** Available data follows **
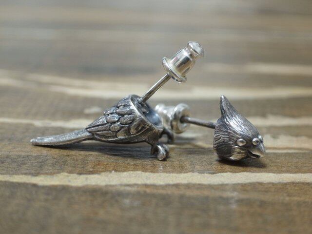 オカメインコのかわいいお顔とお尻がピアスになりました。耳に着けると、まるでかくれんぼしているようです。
** End of Available data **
** Available data follows **
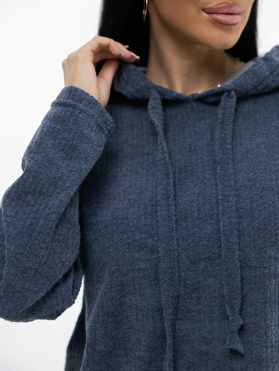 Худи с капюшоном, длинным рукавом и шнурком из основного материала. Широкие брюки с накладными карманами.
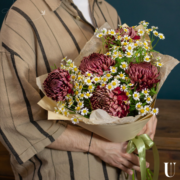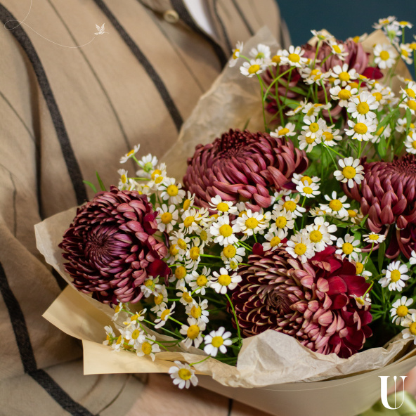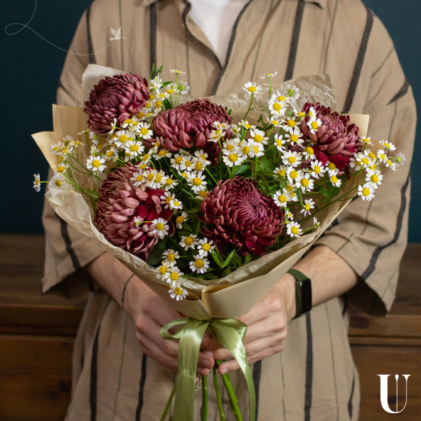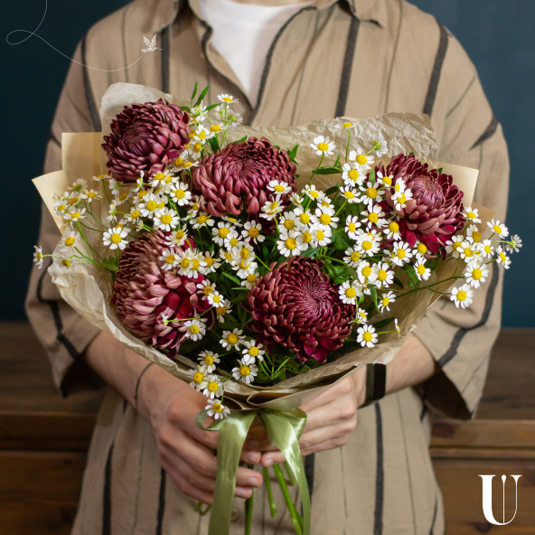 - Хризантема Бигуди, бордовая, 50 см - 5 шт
** End of Available data **
** Available data follows **
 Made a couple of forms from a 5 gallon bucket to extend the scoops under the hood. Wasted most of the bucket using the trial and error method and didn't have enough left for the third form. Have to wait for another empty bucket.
** End of Available data **
The lines to copy exactly start with the line above that has "Худи с капюшоном, длинным" and go on through the line that has "- Хризантема Бигуди, бордовая, 50 см - 5 шт"; please include both, add nothing else, and omit the pictures.

 Худи с капюшоном, длинным рукавом и шнурком из основного материала. Широкие брюки с накладными карманами.
 - Хризантема Бигуди, бордовая, 50 см - 5 шт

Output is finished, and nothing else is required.